Taras Yavorskyi

Personal information
- Full name: Taras Yaroslavovych Yavorskyi
- Date of birth: 9 June 1989 (age 36)
- Place of birth: Lviv, Ukrainian SSR, Soviet Union
- Height: 1.81 m (5 ft 11+1⁄2 in)
- Position(s): Midfielder

Team information
- Current team: Kulykiv

Youth career
- 2002–2006: FC Karpaty Lviv

Senior career*
- Years: Team / Apps / (Gls)
- 2006–2008: FC Karpaty Lviv / 0 / (0)
- 2006–2008: FC Karpaty-2 Lviv / 57 / (9)
- 2008–2011: FC Lviv / 17 / (3)
- 2009–2010: FC Lviv-2 / 8 / (0)
- 2010: → MFC Mykolaiv (loan) / 11 / (1)
- 2011–2013: FC Bukovyna Chernivtsi / 40 / (4)
- 2013: Nyva Ternopil / 12 / (2)
- 2013–2014: Bukovyna Chernivtsi / 10 / (0)
- 2014: Nyva Ternopil / 9 / (2)
- 2014–2016: Okocimski KS Brzesko / 33 / (2)
- 2016–2017: Podhale Nowy Targ / 37 / (14)
- 2017–2018: Pelikan Łowicz / 12 / (4)
- 2018–2020: Górnik Konin / 48 / (19)
- 2020–2021: Lider Włocławek / 19 / (2)
- 2021: Skalnik Sulejów / 16 / (5)
- 2022–2023: Skala 1911 Stryi
- 2023: Yunist VNB
- 2023–: Kulykiv

= Taras Yavorskyi =

Ukrainian footballer (born 1989)

Taras Yavorskyi (Тарас Ярославович Яворський; born 9 June 1989) is a Ukrainian professional footballer who plays as a midfielder for Kulykiv.
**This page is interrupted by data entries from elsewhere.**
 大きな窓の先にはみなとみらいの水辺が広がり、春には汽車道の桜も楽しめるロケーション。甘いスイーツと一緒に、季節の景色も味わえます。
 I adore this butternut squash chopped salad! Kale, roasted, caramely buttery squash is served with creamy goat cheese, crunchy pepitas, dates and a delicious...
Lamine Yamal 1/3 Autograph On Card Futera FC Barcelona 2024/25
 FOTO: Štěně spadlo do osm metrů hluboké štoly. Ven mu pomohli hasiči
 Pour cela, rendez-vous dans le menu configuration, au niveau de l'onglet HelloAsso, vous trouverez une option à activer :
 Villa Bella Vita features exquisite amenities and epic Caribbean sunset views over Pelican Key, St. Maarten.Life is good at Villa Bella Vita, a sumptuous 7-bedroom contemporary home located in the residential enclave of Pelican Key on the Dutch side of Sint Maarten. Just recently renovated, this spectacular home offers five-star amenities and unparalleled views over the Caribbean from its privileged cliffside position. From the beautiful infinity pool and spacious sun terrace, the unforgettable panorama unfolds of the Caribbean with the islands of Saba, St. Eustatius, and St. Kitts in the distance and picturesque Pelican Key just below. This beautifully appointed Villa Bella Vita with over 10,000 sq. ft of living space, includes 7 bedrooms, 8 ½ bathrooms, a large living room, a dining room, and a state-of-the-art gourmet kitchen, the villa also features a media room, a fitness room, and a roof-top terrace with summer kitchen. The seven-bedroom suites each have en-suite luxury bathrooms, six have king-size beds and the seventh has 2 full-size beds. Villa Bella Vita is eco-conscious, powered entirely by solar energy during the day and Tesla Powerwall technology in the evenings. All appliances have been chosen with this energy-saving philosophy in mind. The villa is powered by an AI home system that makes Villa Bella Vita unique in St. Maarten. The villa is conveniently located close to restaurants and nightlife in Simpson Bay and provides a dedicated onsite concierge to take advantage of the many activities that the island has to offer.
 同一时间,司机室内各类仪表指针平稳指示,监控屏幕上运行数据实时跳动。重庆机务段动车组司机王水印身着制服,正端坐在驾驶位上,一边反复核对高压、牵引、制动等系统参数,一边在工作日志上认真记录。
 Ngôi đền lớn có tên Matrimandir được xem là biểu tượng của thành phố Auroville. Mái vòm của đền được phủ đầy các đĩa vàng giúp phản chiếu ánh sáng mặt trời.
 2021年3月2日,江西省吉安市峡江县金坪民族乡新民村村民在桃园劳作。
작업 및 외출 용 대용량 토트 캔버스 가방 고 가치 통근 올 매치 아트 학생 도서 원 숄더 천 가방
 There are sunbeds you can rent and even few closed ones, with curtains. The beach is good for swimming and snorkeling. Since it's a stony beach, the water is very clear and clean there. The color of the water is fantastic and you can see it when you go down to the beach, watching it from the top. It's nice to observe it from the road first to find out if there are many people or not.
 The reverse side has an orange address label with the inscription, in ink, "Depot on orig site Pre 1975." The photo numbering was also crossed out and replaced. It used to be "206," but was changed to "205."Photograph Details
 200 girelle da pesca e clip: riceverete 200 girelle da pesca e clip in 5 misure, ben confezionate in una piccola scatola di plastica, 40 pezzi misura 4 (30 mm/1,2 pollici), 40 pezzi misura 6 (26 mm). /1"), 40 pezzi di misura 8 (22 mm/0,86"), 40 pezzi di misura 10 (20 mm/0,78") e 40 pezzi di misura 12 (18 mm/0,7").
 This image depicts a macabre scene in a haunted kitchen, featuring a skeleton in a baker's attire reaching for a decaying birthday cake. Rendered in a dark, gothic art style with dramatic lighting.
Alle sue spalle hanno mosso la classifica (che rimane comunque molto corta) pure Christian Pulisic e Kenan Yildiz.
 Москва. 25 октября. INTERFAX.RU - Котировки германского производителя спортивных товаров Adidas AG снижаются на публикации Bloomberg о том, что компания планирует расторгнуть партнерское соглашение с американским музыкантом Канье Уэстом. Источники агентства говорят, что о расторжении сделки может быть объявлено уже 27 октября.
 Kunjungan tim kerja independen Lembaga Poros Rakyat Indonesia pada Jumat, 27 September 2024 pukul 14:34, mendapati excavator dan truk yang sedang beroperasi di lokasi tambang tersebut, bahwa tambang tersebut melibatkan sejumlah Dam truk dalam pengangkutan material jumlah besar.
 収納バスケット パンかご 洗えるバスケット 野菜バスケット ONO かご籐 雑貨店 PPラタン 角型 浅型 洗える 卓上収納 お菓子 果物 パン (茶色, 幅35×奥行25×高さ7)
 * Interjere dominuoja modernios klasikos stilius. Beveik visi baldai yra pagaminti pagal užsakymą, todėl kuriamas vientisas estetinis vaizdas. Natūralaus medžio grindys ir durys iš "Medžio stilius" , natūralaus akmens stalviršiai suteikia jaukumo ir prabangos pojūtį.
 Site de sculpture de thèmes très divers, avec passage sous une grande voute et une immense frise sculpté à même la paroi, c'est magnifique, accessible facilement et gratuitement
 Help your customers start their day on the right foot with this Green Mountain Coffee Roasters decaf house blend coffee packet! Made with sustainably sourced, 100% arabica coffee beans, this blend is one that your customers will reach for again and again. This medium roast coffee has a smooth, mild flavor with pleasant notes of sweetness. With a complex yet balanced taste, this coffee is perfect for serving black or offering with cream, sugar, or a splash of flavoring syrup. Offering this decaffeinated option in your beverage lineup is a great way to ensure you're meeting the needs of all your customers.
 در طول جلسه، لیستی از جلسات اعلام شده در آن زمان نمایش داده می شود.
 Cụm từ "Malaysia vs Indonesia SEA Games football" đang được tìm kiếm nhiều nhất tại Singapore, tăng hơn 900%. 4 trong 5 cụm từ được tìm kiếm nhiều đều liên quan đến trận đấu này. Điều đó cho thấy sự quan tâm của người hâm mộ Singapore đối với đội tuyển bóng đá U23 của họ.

Yavorskyi is the product of the Karpaty Sportive School in Lviv. His first coaches were Andriy Karimov and Taras Tkachyk.

He signed a contract with FC Lviv in 2008, but only made his debut for the first team in a match against FC Dnipro Dnipropetrovsk in the Ukrainian Premier League on 28 February 2009.